I guess I'm thinking that in spite of how it looks on paper, this project that he has planned for Covington looks way better than anything that is already there? Sad but true. At least it doesn't have a bunch of angular slashes on it.
I guess what is most disappointing is that here is someone really high profile that has a chance to do work for any number of well-paying clients, and he is basically just shitting it all away with his own brand of reproducable crap. Just because it's different doesn't make it better. Just because no one has done it before doesn't mean you have to repopulate the earth with a bunch of 'random slash' style buildings.
</end theraputic rant>
he should stick to writing text and his bullcrap poetry
Hey, maybe we shouldn't knock him just yet. He is, after all, one of very few "starchitects" (I hate that word) who works regularly on commercial projects. He clearly knows how to speak the developers' language, which will eventually open the doors for even better buildings. Rome wasn't built in a day. Look at how much better it is than that faux copper shit. If he came to the table with some ground breaking design, there's a chance the people with the money would have said, "thanks, but no thanks." I think this is a good way to do it. Other developers will see it and (if it makes any money), consider whether they should seek out better designs, too. I hope that this is just getting the ball rolling.
was it yet mentioned that he's building in Sacramento, California now too? Another condo high rise in the "mid-west" of California.
I like it when he stays closer to the ground . . .
This is what he is doing for the Denver art musem. There are also some "museum lofts" going up near there that I think he might also be working on.
museum residences
See--there you go. Libeskind is all about developments.

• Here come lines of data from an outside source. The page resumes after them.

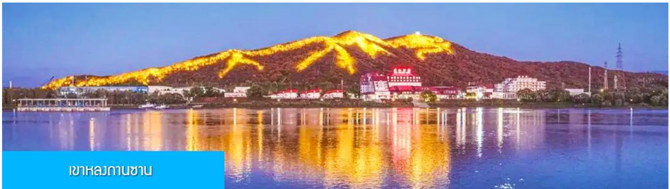
เขาลงถานซาน

หลังอาหารนำท่านผ่านชม วิวยามค่ำของเขา หลงถานซาน 龙潭山夜景 (ผ่านชมระยะไกล) ภูเขารูปทรงคล้ายมังกรในช่วงกลางคืนภูเขาจะถูกประดับด้วยแสงไฟที่สามารถมองเห็นแต่ไกล คล้ายรูปมังกร (บางคนมองว่าคล้ายรูปไดโนเสาร์) จากนั้นนำท่านเดินทางเข้าที่พัก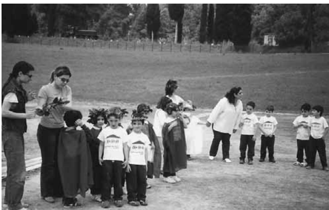
Αναβίωση αγώνων στην αρχαία Ολυμπία.

Στους χώρους του “Ξεκινήματος” υπάρχουν ζώα: κόττες, χήνες, πάπιες, κουνέλια, πουλιά κ.ά. ανάλογα με την εποχή και τη χρονιά. Τα φροντίζουν τα παιδιά όταν έχουν το ανάλογο θέμα και παίρνουν μόνο τα αυγά τους το ΠΑΣΧΑ. Την κοπριά τους τη βάζουμε στους κήπους μας μαζί με το ΚΟΜΠΟΣΤ που φτάνουμε στο μεγάλο λάκκο του σχολείου μας, από τις φλούδες των φρούτων του πρωινού μας και τα διάφορα φύλλα από σαλατικά και κλαδέματα.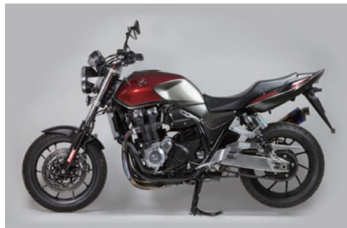
ダイノテストと実走行テストで、様々なライディングフィールドのセッティングデータをチャート化し仕様を決定しています。

ダンピングにワイドな調整幅を持たすことで、ストリート からワインディングまで幅広いシチュエーションで最適な特性を得ることが可能に。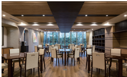
ご入居者さまが集う 明るく開放的なダイニング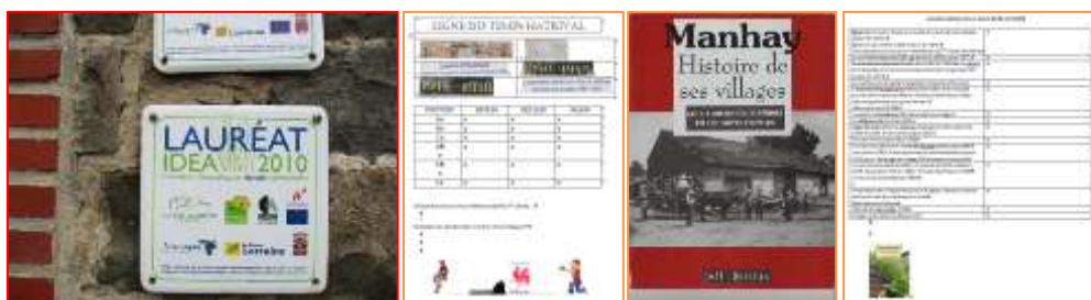
Tableau récapitulatif des animations proposées :

Avant ces animations, Roland prend contact avec les directeurs et instituteurs, rencontre le service urbanisme de la commune, le SI ou Maison du tourisme. Il se rend sur place pour prendre des photos, rencontrer des personnes ressources (président CCATM, CLDR, ...), fait des recherches cartographiques, iconographiques sur le web afin de préparer un road-book spécifique pour chaque école. Les animations sont également adaptées en fonction des classes.

I was driving to work yesterday, and as I emerged on the south side of Roebling's lovely suspension bridge over the Ohio, I noticed this on the parking lot in front of my big pink trashcan (office building):
Can you see it? It's a big fat blue outline spray painted on the parking lot where the Libeskind condo tower is supposed to go. It's not been built yet but it's like a building died there. Like a giant crime scene.

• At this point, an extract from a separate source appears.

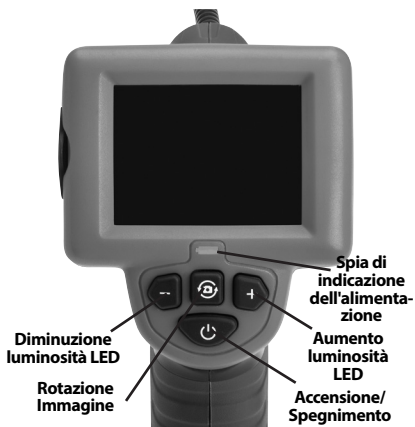
Figura 2 – Comandi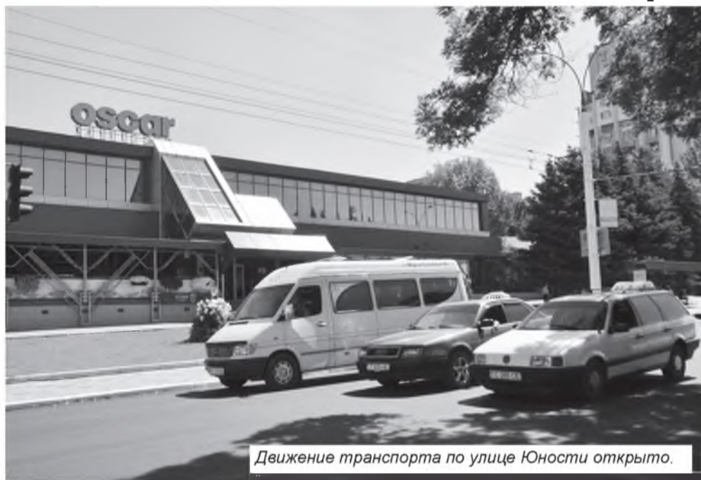
Движение транспорта по улице Юности открыто.

В госадминистрации снова говорили: проблема с чистотой на улицах города остаётся актуальной, в первую очередь по вине самих жителей столицы. Стихийные свалки бытовых и растительных отходов, строительного мусора в разных районах города возникают регулярно и зачастую сразу после уборки территории работниками МУП «Спецавтохозяй-

My coworkers were all hoping they would put a pool in the outline.
If you pay attention to the picture you can see me in the window reflection too.
I see you WonderK!!!
Interesting picture. I wonder what prompted the blue paint, is the project coming up for zoning review soon or something?
Honestly, lb, I think they are just being dramatic. I've lived around here for a while and I've never seen anything like this. It doesn't have any stakes or anything for digging, and I don't think they've served notice to the people who use that lot yet. It's just weird.
post a pic of yourself covered in blue paint.
You bring the blue paint, I've got the camera.
:-D
pablo's blue period will have nothing on ours
it looks tacky as hell but ill hold my tongue until i see more. maybe the interior will be better.
I've heard rumor that the associated firm (GBBN, maybe?), designed the building based on a scrappy sketch from Libeskind...and even they're somewhat embarrassed by it.